Unlike optical sensors, an ultrasonic sensor does not confuse a transparent window in a banknote with absence of a banknote. This is advantageous because a transparent window is included in some banknote designs, particularly where the banknote substrate is made from a polymer.
The second discrete sensor 42 is longitudinally spaced apart from the first discrete sensor 40. The second discrete sensor 42 is “downstream” of the first discrete sensor 40 in that the banknote 58 passes the first discrete sensor 40 before it passes the second discrete sensor 42. The second discrete sensor 42 comprises a second circuit board 42a on which is mounted (i) an ultra-violet (UV) reflective transceiver 42b and (ii) a position sensor 42c (in the form of a white LED transceiver). The UV transceiver 42b is laterally spaced apart from both the ultrasonic sensor 40b on the first circuit board 40a, and the position sensor 42c on the second circuit board 42a. The UV transceiver 42b emits radiation at approximately 365 nm. The UV transceiver 42b performs two functions. The first function is to validate the banknote 58 as it is transported across the first discrete sensor 42. The second function is to operate as a position sensor (complementary to position sensor 42c).

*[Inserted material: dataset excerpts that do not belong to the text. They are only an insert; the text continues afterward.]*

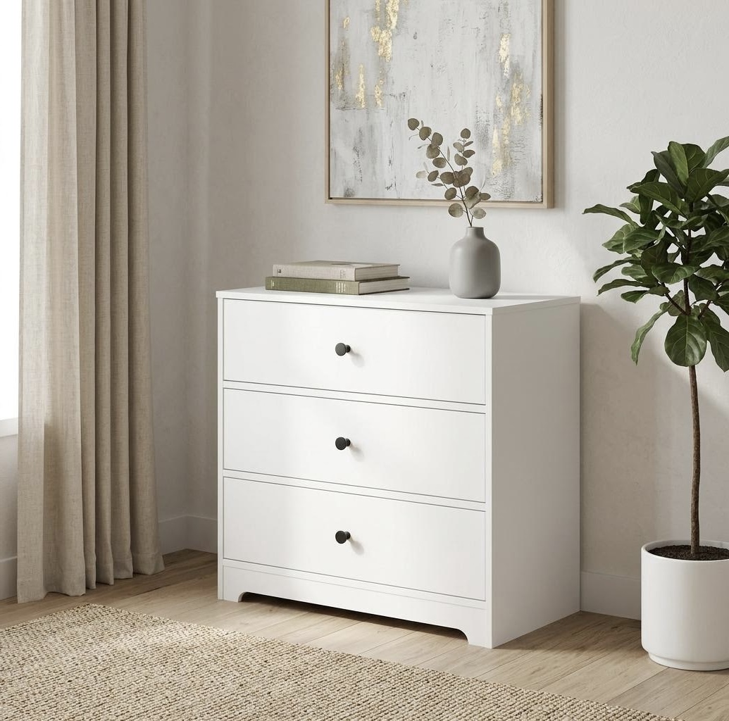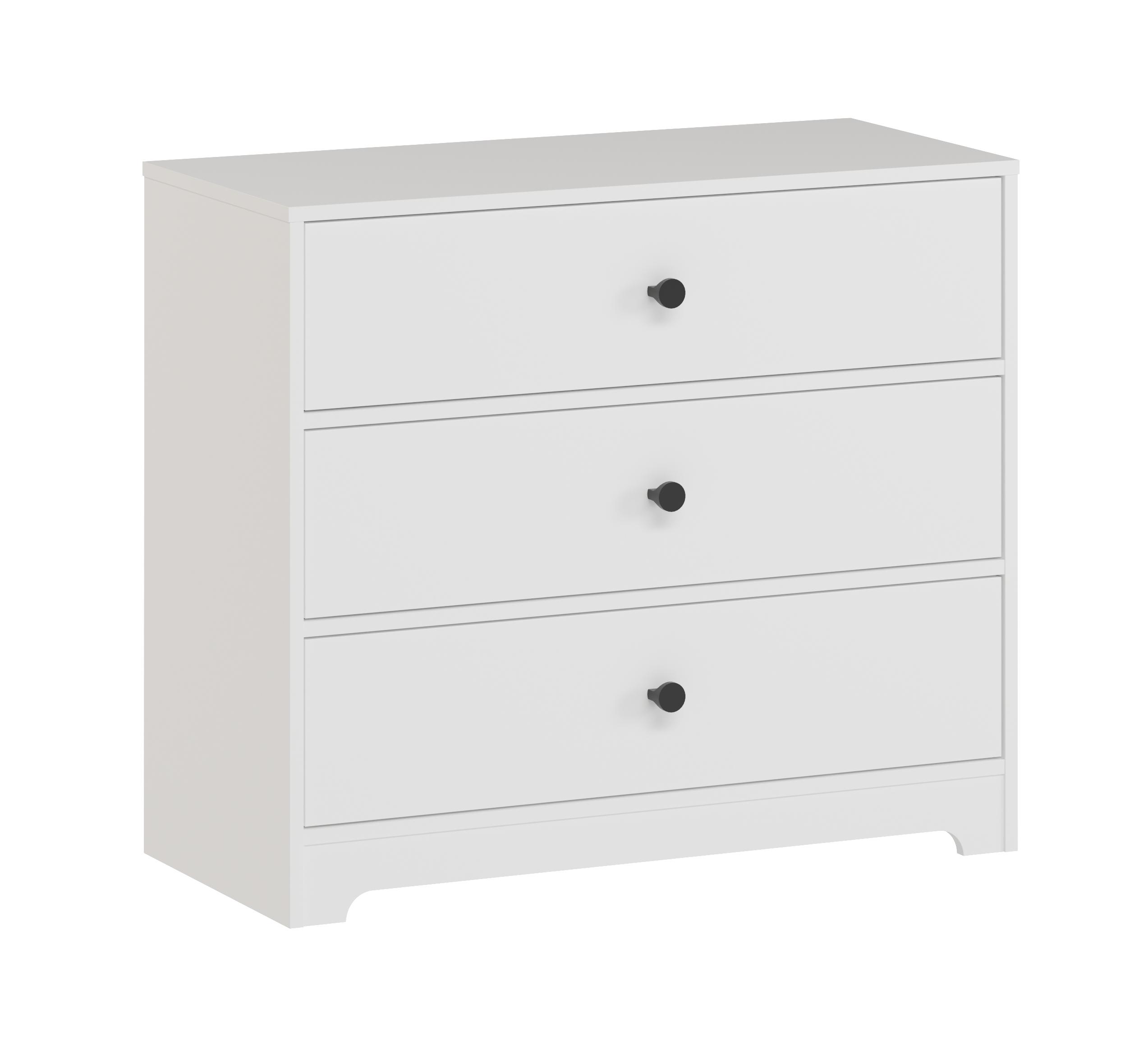 В комод встроены три выдвижных ящика на направляющих скрытого монтажа с ДОВОДЧИКАМИ.
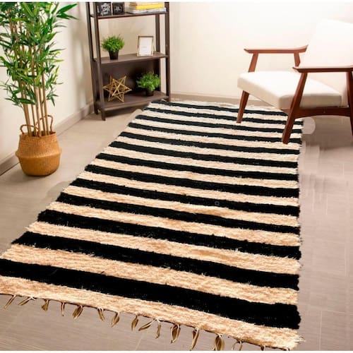 Tapete Para Sala Felpudo Listra Preto Boho Chic 2,00X1,00
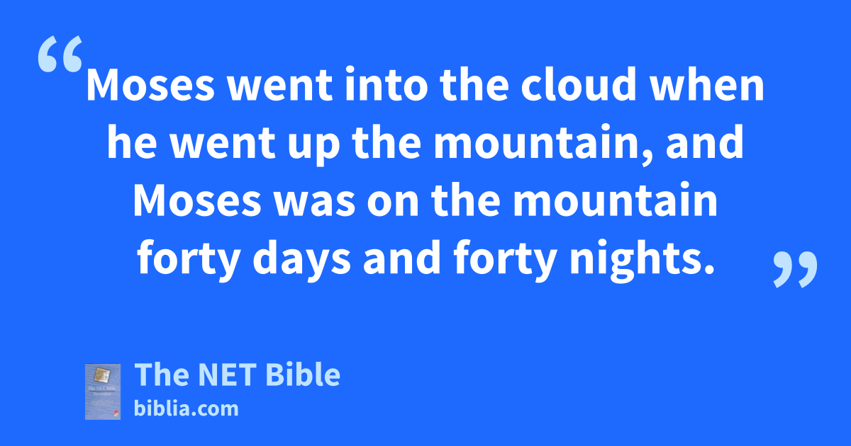 24:15 Moses went up the mountain, and the cloud covered the mountain. 24:16 The glory of the Lord resided41 on Mount Sinai, and the cloud covered it for six days.42 On the seventh day he called to Moses from within the cloud. 24:17 Now the appearance of the glory of the Lord was like a devouring fire on the top of the mountain in plain view43 of the people. 24:18 Moses went into the cloud when he went up44 the mountain, and Moses was on the mountain forty days and forty nights.45
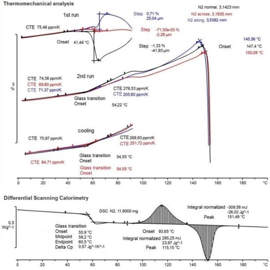 The coefficient of thermal expansion (CTE) was determined from the TMA measurements. From the upper part of Figure 2, we observed how significant different CTE was not only found in different directions, but also in the first heating, second heating, and cooling run. The cyclical heating–cooling–heating method is commonly applied in TMA studies to eliminate the thermal history and reduce the internal stresses in the sample. The transition temperatures are determined by the sample’s internal stresses, and hence its thermal history. This explains why the curves observed in the first and second heating runs had distinct forms.
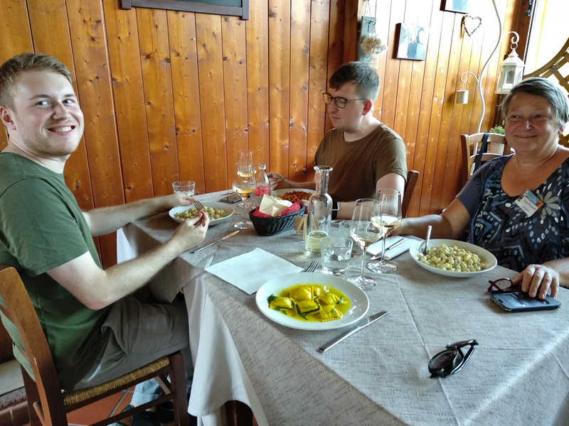 Nach der Tour genehmigten wir uns ein Mittagessen in der Osteria Orsolina außerhalb der Stadtmauer. Die Veranstalter hatten es empfohlen und wir wurden nicht enttäuscht: Es gab traditionelle Gerichte und leckere Desserts.

The position sensor 42c (in common with the other position sensors described below) is a conventional sensor that is used to detect if the banknote 58 is correctly located on the transport path 16.
The third discrete sensor 44 is downstream of the first and second discrete sensors 40, 42. The third discrete sensor 44 comprises a third circuit board 44a (which straddles the transport path 16; that is, it is both above and below the transport path 16). On an upper part of the third circuit board 44a (the part above the transport path 16), a green transmissive emitter (not shown individually) is mounted; and on a lower part of the third circuit board 44a (the part below the transport path 16), a green transmissive receiver (not shown individually) is mounted. The numeral 44b refers to the combined green transmissive emitter/receiver pair.
The combined green transmissive emitter/receiver pair 44b is mounted laterally offset from both the ultrasonic sensor 40b and the UV transceiver 42b. This is to ensure that a different part of the banknote 58 is measured by each of these sensors.
A position sensor 44c (in the form of a white LED transceiver) is also mounted on the third circuit board 44a, offset from the green transmissive emitter/receiver pair 44b.
In a similar manner to the UV transceiver 42b, the green transmissive emitter/receiver pair 44b also performs the two functions of banknote validation and position sensing. The green transmissive emitter/receiver pair 44b emits radiation at approximately 510 nm.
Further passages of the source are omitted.